• [Prompt]
Restate the listing below word for word, omitting any images.

• [Available data]
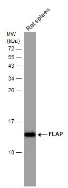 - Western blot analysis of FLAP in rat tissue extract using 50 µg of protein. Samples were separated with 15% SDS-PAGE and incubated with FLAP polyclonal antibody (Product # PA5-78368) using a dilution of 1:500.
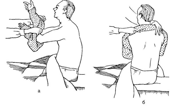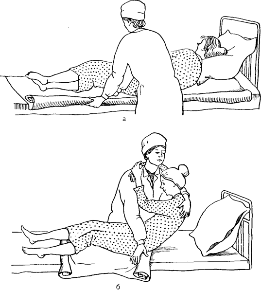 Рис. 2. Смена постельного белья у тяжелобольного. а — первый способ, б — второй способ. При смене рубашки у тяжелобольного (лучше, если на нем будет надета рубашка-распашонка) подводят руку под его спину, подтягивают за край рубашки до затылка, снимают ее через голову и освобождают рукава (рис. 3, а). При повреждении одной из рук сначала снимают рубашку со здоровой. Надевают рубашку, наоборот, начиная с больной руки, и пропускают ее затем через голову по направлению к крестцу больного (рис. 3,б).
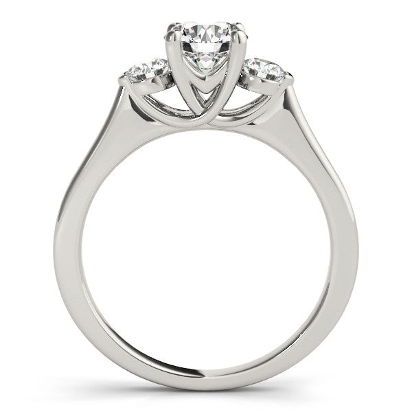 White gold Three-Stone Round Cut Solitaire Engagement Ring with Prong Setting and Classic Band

• [Completed exercise]
 - Western blot analysis of FLAP in rat tissue extract using 50 µg of protein. Samples were separated with 15% SDS-PAGE and incubated with FLAP polyclonal antibody (Product # PA5-78368) using a dilution of 1:500.
 Рис. 2. Смена постельного белья у тяжелобольного. а — первый способ, б — второй способ. При смене рубашки у тяжелобольного (лучше, если на нем будет надета рубашка-распашонка) подводят руку под его спину, подтягивают за край рубашки до затылка, снимают ее через голову и освобождают рукава (рис. 3, а). При повреждении одной из рук сначала снимают рубашку со здоровой. Надевают рубашку, наоборот, начиная с больной руки, и пропускают ее затем через голову по направлению к крестцу больного (рис. 3,б).
 White gold Three-Stone Round Cut Solitaire Engagement Ring with Prong Setting and Classic Band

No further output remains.